KnigaRead.com/
KnigaRead.com » Детективы и Триллеры » Детектив » Мария Шкатулова - Убийство в Озерках

Мария Шкатулова - Убийство в Озерках

На нашем сайте KnigaRead.com Вы можете абсолютно бесплатно читать книгу онлайн Мария Шкатулова, "Убийство в Озерках" бесплатно, без регистрации.
Перейти на страницу:

— Да он не верит: ему все кажется, что у меня кто-то есть.

— А на самом деле? — улыбнулся опер.

— Да нет у меня никого, — уныло проговорила Тоня.

— И не скучно тебе здесь сидеть целыми днями?

Она опустила голову и ничего не ответила.

* * *

«Да, — думал Медведев, выходя из Тониного дома, — никаким разводом тут, конечно, не пахнет. Завел себе Салтыков молодую бабенку (он вспомнил Тонину пышную грудь, косу до пояса и розовые щеки), здоровую, крепкую, как репа, и трахается с ней в свое удовольствие, когда приспичит. Но разве ради такой Тони бросают жену? Эта Топя и так никуда от него не денется: он ее купил, она — его вещь».

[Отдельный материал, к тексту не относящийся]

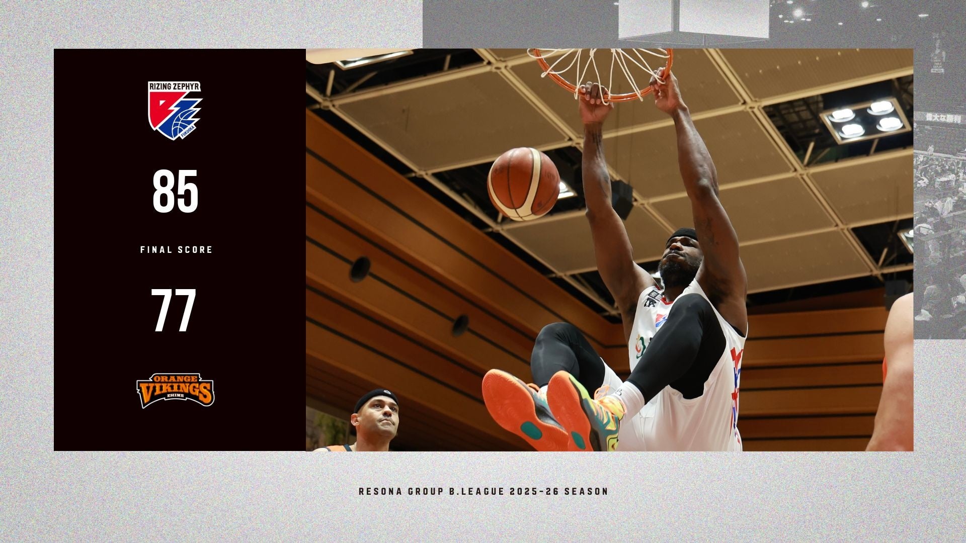 B.LEAGUE 2025-26シーズンの「ライジングゼファーフクオカ vs. 愛媛オレンジバイキングス」は1月30日、松山市総合コミュニティセンターアリーナで行われ、福岡が85-77で勝利しました。クォーター別は1Q21-21、2Q21-18、3Q22-15、4Q21-23で、福岡はアウェーでの連敗を止めました。
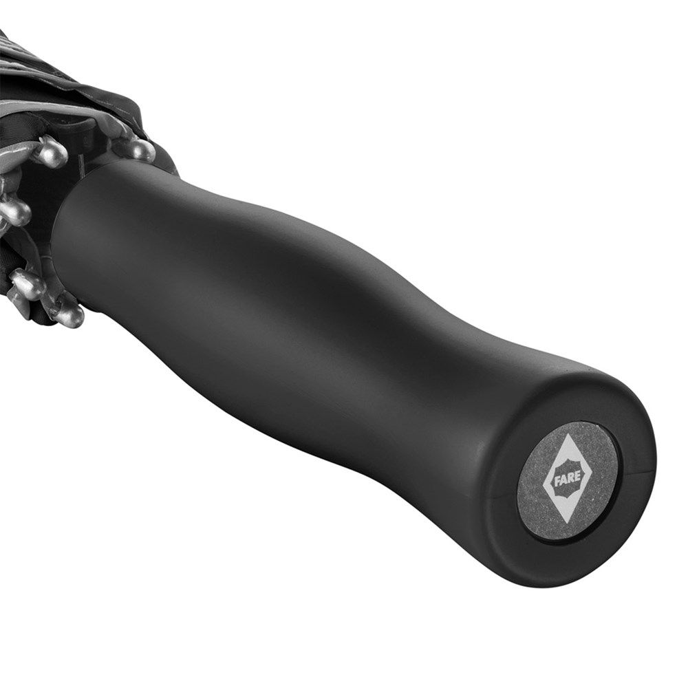 Markanter Automatik-Stockschirm mit modisch reflektierender Paspelierung Komfortable Automatik-Funktion zum schnellen Öffnen, hochwertiges Windproof-PLUS-System für eine maximale Gestell-Flexibilität bei stärkeren Windböen, stabiler Fiberglasstock, flexible Fiberglasschienen, Bezug mit modischer Reflexpaspel in Silber, handsympatischer Soft-Touch-Griff mit Werbeanbringungsmöglichkeit, Soft-Touch-Top
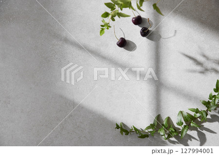 A cozy backdrop with fresh fruits and grass on a table with natural sunlight and shadows.
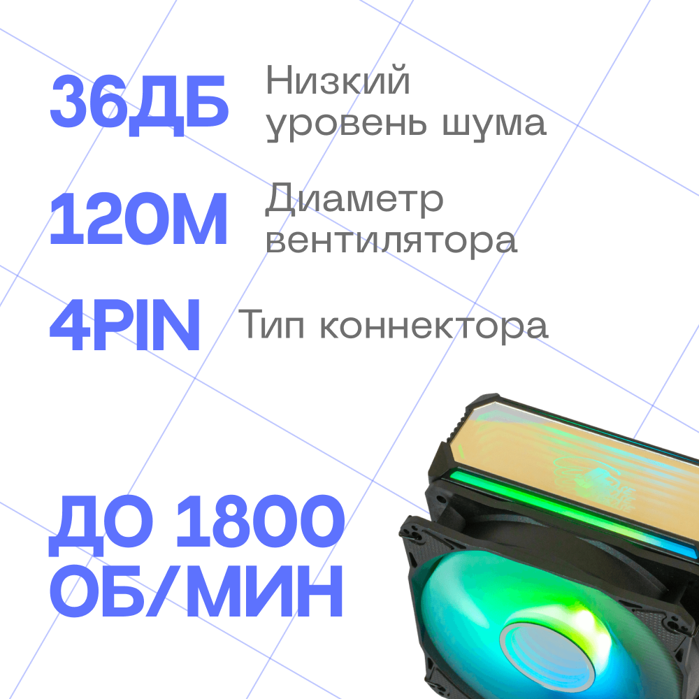 Вентилятор кулера имеет диаметр 120 мм и работает на скорости от 800 до 1800 оборотов в минуту, обеспечивая максимальный воздушный поток 79.02 CFM и уровень шума всего 36 дБ. Это позволяет регулировать скорость вращения вентилятора в зависимости от нагрузки на процессор и уровня шума.

И он снова вспомнил, какие грустные у этой Тони глаза, и как она называет своего любовника Павлом Аркадьевичем, и как старательно запахивает на себе халатик, и стало ему почему-то безумно ее жаль.

«А, впрочем, чего ее жалеть? — продолжал размышлять Медведев, закуривая сигарету, — ей еще повезло. Другие девчонки приезжают из провинции и сразу на панель попадают, а то и в уголовщину ввязываются, а эта сидит в квартире, в чистоте, в тепле, сытая, видак смотрит, матери в Курск звонит…»

Медведев перешел на другую сторону улицы, вскочил в подошедший автобус и, пристроившись на задней площадке, снова подумал о Тоне: «Да, все так, конечно, но все равно: забитая она какая-то, несчастная, черт ее знает… Видно не сладко ей с этим Павлом Аркадьевичем… Надо же, ревнует ее, старый козел! Впрочем, мне-то что до нее? — рассердился на себя чувствительный опер. — Что я ей — отец, что ли?»


И все. Больше никакой «клубнички» за Салтыковым не нашли, как ни старались. Выходит, незачем ему было убивать свою жену?

И Залуцкий подытоживал: нет, это не Салтыков. Нет у Салтыкова мотива. А у Юрганова, может, и есть. Нашли же у него в кармане при обыске стихи, посвященные какой-то Нине, про которую Юрганов ничего говорить не захотел. А ведь это была та самая Нина Савельева, которая только что ушла от него. Ведь Юрганов знал про ее день рождения. И если эта Нина так страстно его защищает, кто знает, какие между ними намечались отношения? И разве нельзя допустить, что драгоценности Салтыковой он как раз и собирался преподнести Савельевой на день рождения? Своих-то средств на подарок у него нет? Вот тебе и мотив! И как ни хороши его истории про письма и про кольца, а выходит, что убил все-таки он?..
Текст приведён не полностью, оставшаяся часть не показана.